(Assignment)
In the records below, begin at the line containing "- Bij superdry.nl" and end at the line containing "Avery Laser UltraDuty"; quote every line in that span exactly, including both boundary lines, and no others.

(Provided records)
= = =

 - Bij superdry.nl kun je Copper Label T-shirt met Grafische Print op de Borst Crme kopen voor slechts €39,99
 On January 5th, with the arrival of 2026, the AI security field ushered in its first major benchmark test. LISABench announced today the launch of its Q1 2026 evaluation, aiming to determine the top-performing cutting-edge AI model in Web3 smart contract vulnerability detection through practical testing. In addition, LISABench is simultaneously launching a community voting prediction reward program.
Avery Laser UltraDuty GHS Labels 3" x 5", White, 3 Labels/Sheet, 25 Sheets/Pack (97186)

= = =

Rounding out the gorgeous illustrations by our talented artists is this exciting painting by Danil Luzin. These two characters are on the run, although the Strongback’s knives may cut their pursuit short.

= = =

(Written reply)
 - Bij superdry.nl kun je Copper Label T-shirt met Grafische Print op de Borst Crme kopen voor slechts €39,99
 On January 5th, with the arrival of 2026, the AI security field ushered in its first major benchmark test. LISABench announced today the launch of its Q1 2026 evaluation, aiming to determine the top-performing cutting-edge AI model in Web3 smart contract vulnerability detection through practical testing. In addition, LISABench is simultaneously launching a community voting prediction reward program.
Avery Laser UltraDuty GHS Labels 3" x 5", White, 3 Labels/Sheet, 25 Sheets/Pack (97186)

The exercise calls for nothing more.